If $f,g : A\to B$ are morphisms, we define $f+g$ to be the composite
$$ A\newcommand\toby\xrightarrow\toby{\Delta_A} A \oplus A\toby{f\oplus g}B\oplus B \toby{\nabla_B} B,$$
where $\Delta_A : A\to A\oplus A$ is the diagonal map and $\nabla_B : B\oplus B\to B$ is the codiagonal.
Then clearly any functor which satisfies $T(f\oplus g)=Tf\oplus Tg$ and $T\Delta_A = \Delta_{TA}$ and $T\nabla_B = \nabla_{TB}$ is additive.
Then as long as $T$ preserves the biproduct (meaning $T(A\oplus B)=TA\oplus TB$ and $T\iota_X=\iota_{TX}$ and $T\pi_X = \pi_{TX}$ for the structure morphisms $\iota_A,\iota_B,\pi_A,$ and $\pi_B$), and $T$ preserves $0$, meaning that $T0 = 0$, $T$ has these properties. (Equality here means up to natural isomorphism.)
This is because $\Delta_A$ is the map such that $\pi_{A,i}\Delta_A=\newcommand\id{\operatorname{id}}\id_A$ for $i=1,2$,
and then taking $T$ of this, we have that $T\Delta_A$ satisfies $\pi_{TA,i}T(\Delta_A)=\id_{TA}$ for $i=1,2$, thus $T\Delta_A=\Delta_{TA}$. A dual argument shows that $T\nabla_B=\nabla_{TB}$, and finally $f\oplus g$ is defined to be the map such that
$$\pi_{B,1}(f\oplus g)\iota_{A,1} = f,$$
$$\pi_{B,2}(f\oplus g)\iota_{A,2} = g,$$
$$\pi_{B,1}(f\oplus g)\iota_{A,2} = 0,$$
and
$$\pi_{B,2}(f\oplus g)\iota_{A,1} = 0.$$
Again, it's not hard to see that the preservation of 0 and the biproduct ensures that $T(f\oplus g)$ satisfies the requirement to be $Tf\oplus Tg$.
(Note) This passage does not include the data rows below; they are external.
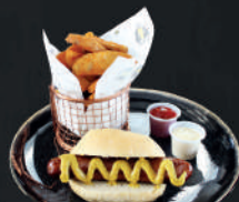
Chorizo alemán picante con pan y papas
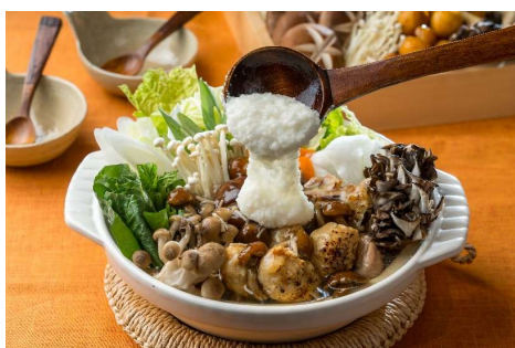
▲大なめこ・なめたけの温活とろろ鍋

■ “とろみ鍋™”定義 トレンド鍋® ブランドサイト https://trendnabe.gnavi.co.jp/ 具材やスープを工夫し、とろみをつけることで、冷めにくく身体を芯からあたためる鍋。出汁にとろみをつけあんかけ風にしたり、キノコやとろろ、チーズなどの具材を使用してとろみをつけた鍋。
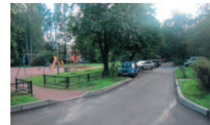
Пискаревский пр., д. 20 – пр. Металлистов, д. 59, 61
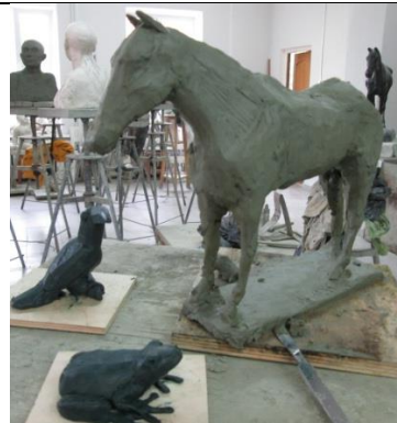
Тема 2.3.Пластическое изображение животного.
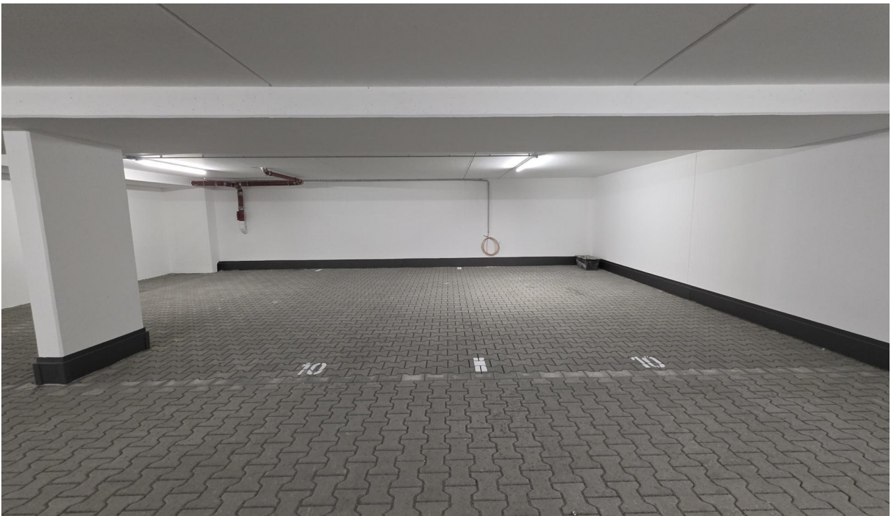
2 TG-Stellplätze extrabreit
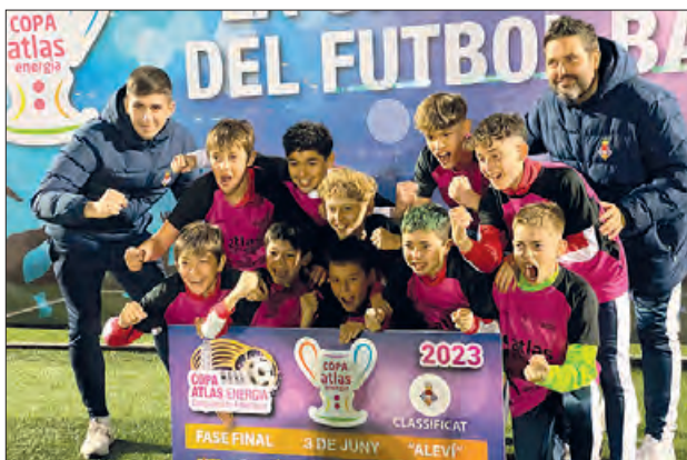
Equip Aleví Classificat per la fase final de la Copa Atlas
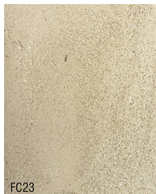
FC23 1 vol chaux aérienne en poudre + 3 vol poudre de marbre jaune
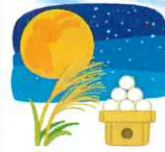
月見だんご作り 中秋の名月に合わせて お団子をつくりました！
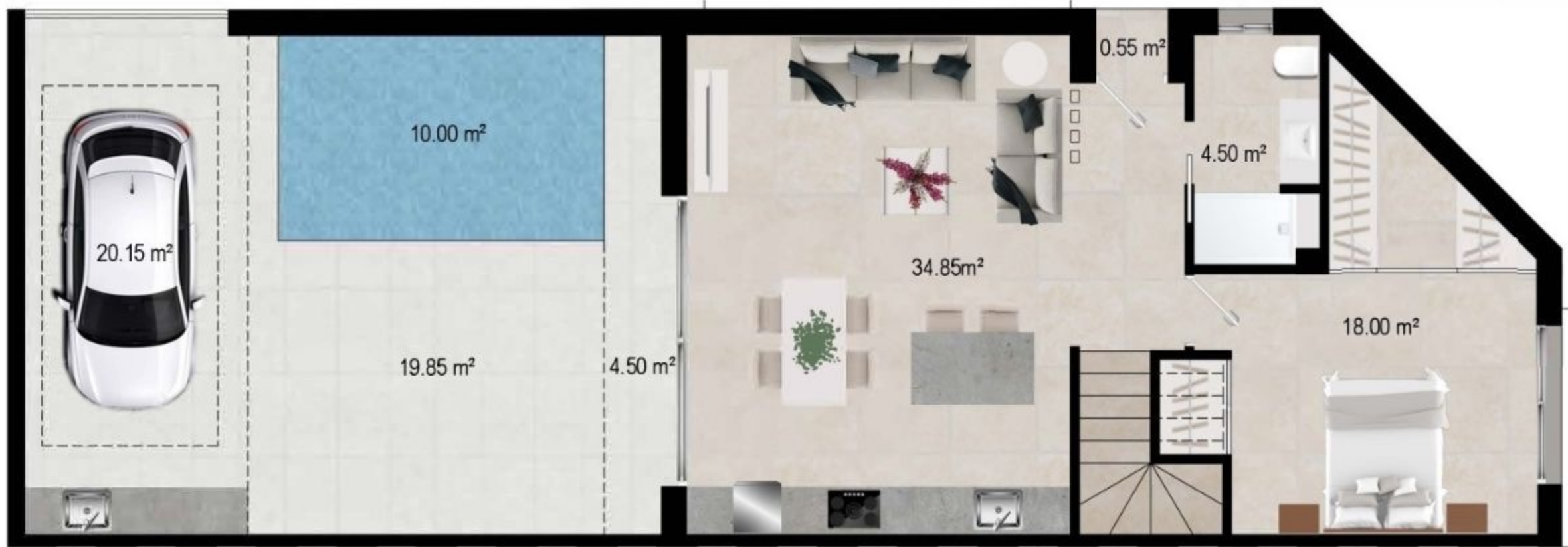
PLANTA BAJA / GROUND FLOOR

Finally, if $T$ is left exact, then $T$ preserves $0$ and the biproduct, and thus is additive
(As indicated in my question, I've already proved this, but I figured I'd add it for any future readers)
$T$ preserves $0$
Depending on how you interpret the definition, this is either definitional, (since you can read the definition as implying that you take $T$ of the entire left exact sequence to get the resulting exact sequence) or must be proved, if you take it to mean only that extending the sequence $TA\to TB \to TC$ by zero on the left results in an exact sequence, but it turns out that there's no difference.
Consider
$$ 0 \to 0 \toby{\id_0} 0 \toby{\id_0} 0.$$
This is clearly exact,
so
$$ 0 \to T0 \toby{\id_{T0}} T0 \toby{\id_{T0}} T0$$
is exact, which implies that $$0=\ker \id_{T0} = T0=\operatorname{im}_{\id_{T0}},$$
as desired.
$T$ preserves the biproduct
Proof:
We know $\pi_A\iota_A =\id_A$, so $(T\pi_A)(T\iota_A)=\id_{TA}$. This also applies to $\pi_B\iota_B$, so $T\pi_B$ must be an epimorphism. Hence, exactness of
$$0\to A \toby{\iota_A} A\oplus B \toby{\pi_B} B \to 0$$
not only implies exactness of
$$0\to TA \toby{T\iota_A} T(A\oplus B) \toby{T\pi_B} TB, $$
but actually the exactness of
$$0\to TA \toby{T\iota_A} T(A\oplus B) \toby{T\pi_B} TB \to 0,$$
and the fact that $(T\pi_A)(T\iota_A)=\id_{TA}$ implies that this exact sequence is split, giving
$T(A\oplus B) \simeq TA\oplus TB$.
Best Answer
You have the right idea, but you really need the bottom row to be exact at $K$ and not necessarily at $A$.
Indeed, to get the factorisation of $U\to A_j$ through $K_j$ you need to prove that the composition $U\to A_j\to B_j$ is zero, and for this you only need to know that $K\to A\to B$ is zero, which is weaker than exactness at $A$.
On the other hand, to prove that the second leg of the pullback commutes, you use the uniqueness of the factorisation through $K$, or in other words, the fact that $K\to A$ is a monomorphism, which is equivalent to the exactness of $0\to K\to A$ at $K$.